When, in early 2020, meat and poultry plant workers, forced to continue working in crowded conditions and denied face masks, began dying, the head of Tyson Foods, John Tyson, took out a full-page ad in The New York Times which warned, “The food supply chain is breaking. As pork, beef, and chicken plants are being forced to close, even for short periods of time, millions of pounds of meat will disappear from the food chain.” Meanwhile, the president invoked the Defense Production Act to reopen meat plants closed by local health authorities. It was not enough that hundreds of food plant workers had to die so that Americans could continue to eat cheap meat, but also so that Tyson could ship millions of pounds of chicken to China. (Excess mortality statistics in communities hosting plants suggest that the meat-packing death toll runs into the thousands.)
The federal agency tasked with protecting the health of workers, OSHA, almost completely ignored slaughterhouse workplace violations; in one of the few cases where it took action, a Smithfield pork slaughterhouse in South Dakota where 1,200 workers got sick and four died, it fined the facility all of $13,494. That most of these workers were immigrants made them all the more invisible; when in August 2020 President Trump appeared with postal workers, nurses, and a truck driver, with nary a slaughterhouse employee was in sight.
Dirty work, by its very nature, is simultaneously everywhere and, by design, invisible, from our dinner plates to our cell phones. The more aware of it we are, the better chance we have of preserving our way of life, and likely, in the end, our portfolios as well. Mr. Press is a truly gifted journalist and prose craftsman; Dirty Work compels and outrages in the same way as Ida Tarbell’s The History of the Standard Oil Company and Upton Sinclair’s The Jungle (the latter also about the meatpacking industry.)

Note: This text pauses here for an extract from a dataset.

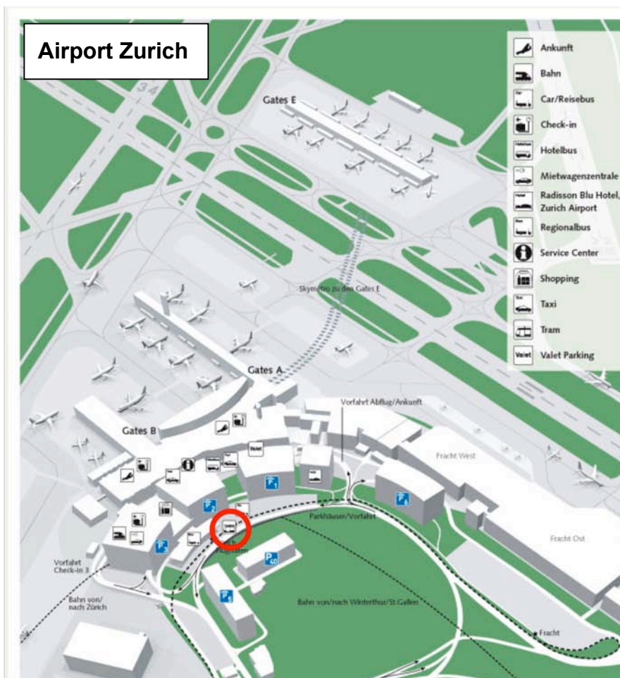
red circle: tram stop airport

Note: Around ETH center, there are only metered short-term parking spaces. If you come by car you will have to leave it either at your hotel or park it in a public parking lot. Use the city-wide carpark guiding system.

Tarbell’s book brought about the breakup of Rockefeller’s behemoth; more relevantly, The Jungle almost single-handedly midwifed the FDA. This, of course, was not Sinclair’s primary goal, which was to highlight the plight of meatpacking workers, causing him to lament, “I aimed at the public’s heart, and by accident I hit it in the stomach.” With his sharp prose, Mr. Press strikes both.
William J. Bernstein is a neurologist, co-founder of Efficient Frontier Advisors, an investment management firm, and has written several titles on finance and economic history. He has contributed to the peer-reviewed finance literature and has written for several national publications, including Money Magazine and The Wall Street Journal. He has produced several finance titles, and four volumes of history, The Birth of Plenty, A Splendid Exchange, Masters of the Word, and The Delusions of Crowds about, respectively, the economic growth inflection of the early 19th century, the history of world trade, the effects of access to technology on human relations and politics, and financial and religious mass manias. He was also the 2017 winner of the James R. Vertin Award from CFA Institute.